My last couple of posts mentioned AllegroGraph and immediately started diving into the Mulgara implementation. One justification for this is that such a well advanced system inspired me to examine where Mulgara is, and where we want to take it. However, on some level I confess to feeling a little jealous. After all, we had the chance to be even more advanced than this, but lost it. However, we still seem to have a few unique features, and have more coming (which I'm sure you'll hear about soon).

From a philosophical point of view, having high quality open source infrastructure will help enable the Semantic Web to progress in the same way that it helped the Web and Web 2.0 to develop. Even when a project demands access to some of the features that only commercial vendors provide, an open source alternative can help bootstrap a project in its early phases, and provides competition for all to benefit from.

So while I may feel a little jealous, I'm hoping this will help inspire me to get Mulgara to do more. It can't just be Andrae and I though. Fortunately, this conference appears to have helped us there. We may be getting some more help from places like Topaz, but I'm also hoping to lift the profile of the software. After all, the more people who use it, the more likely it is that someone will need to scratch an itch and submit some code!

Codex/DLV

The core of the fourth codex suite is the Codex system. This is the new commercial name for OntoDLV [PDF]. This blog isn't an advertisement for my current employer, but it's worth mentioning the system all the same, as I find it interesting.

One of the features of Codex is to translate its ontology language into a program that can be run on DLV, a disjunctive logic reasoner. DLV offers an interesting set of features, including closed world reasoning, true negation along with negation as failure, non-monotonicity, and disjunctions in the head of a rule. Some of these are the opposite of OWL reasoning (closed world, negation as failure, non-monotonicity) while the disjunctive feature is completely orthogonal. Building an ontology language on top of this reasoner creates a very different kind of modeling environment to OWL. Interestingly, the guys in Italy have recently been looking at the consequences of importing OWL queries into the "rules" part of the OntoDLV language. This would make for an interesting complement of features.

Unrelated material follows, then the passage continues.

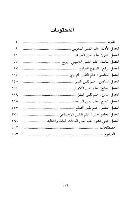 وفي فصول الكتاب المتلاحقة يجد القارئ والباحث والدارس على حد سواء عرضاً مفصلاً لعلم النفس التجريبي الذي يحاول صياغة قوانين السلوك الإنساني، وعلم نفس النمو الذي يبحث في مراحل النمو المختلفة التي يمر بها الإنسان إضافة إلى علم النفس الوظائفي (الفيزيولوجي) الذي يبحث العلاقة المتبادلة بين التغيرات الوظيفية في جسم المؤلفان فصلاً موسعاً لعلم النفس الاجتماعية الذي يعني بدراسة السلوك الإنساني داخل المجتمع ويبحث في مدى تأثر هذا السلوك بالمواقف الاجتماعية والمنبهات القادمة من المجتمع.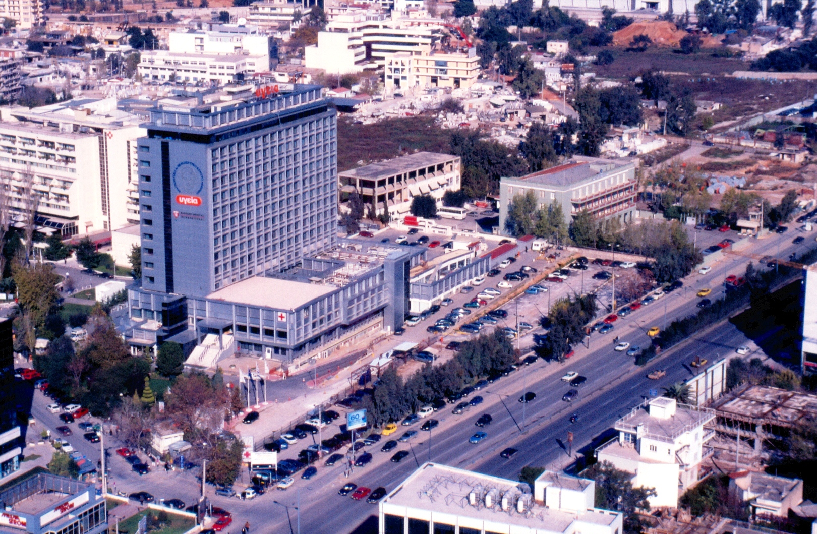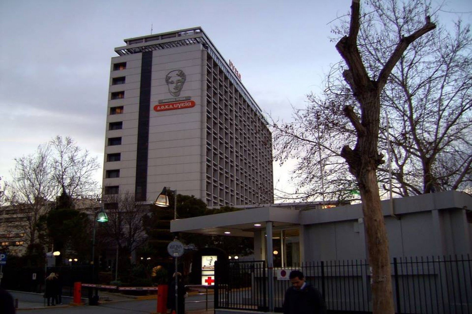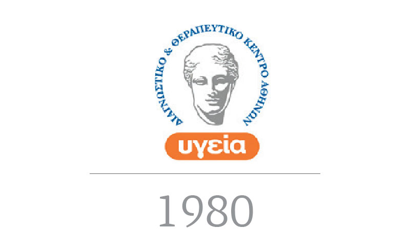 Το πρώτο λογότυπο που σχεδιάστηκε ήταν γραμμικό και τόνιζε το όνομα ΥΓΕΙΑ. Χρησιμοποιήθηκαν στοιχεία αισθητικά, όπως η κυματοειδής απεικόνιση (που τη χρησιμοποιούσαν, κυρίως, στη ζωγραφική αρχαίων αγγείων) και δύο κύπελλα, που είναι έμμεση αναφορά στο σύμβολο-κύπελλο που κρατούσε στο αριστερό της χέρι η θεά Υγεία, απ’ όπου έπινε ο όφις, το σύμβολο της ιατρικής.

OWL is built the way it is because of the interactions with the World Wide Web that it was designed to describe. An open world assumption is vital on the web, as things are being added all the time. Being monotonic may not work perfectly (as different sources may disagree) but is still important, as there is no way to assert priority of one source over another. The lack of a unique name assumption is also important, as it is very common that things are referred to by more than one name. In fact, it occurs to me that having a truly open world assumption means that you must not have a unique name assumption, particularly if there is an equality or equivalent operation in a language. Now that I think about it, this make it seem strange that many description logics have an open world assumption, but also presume the unique name assumption.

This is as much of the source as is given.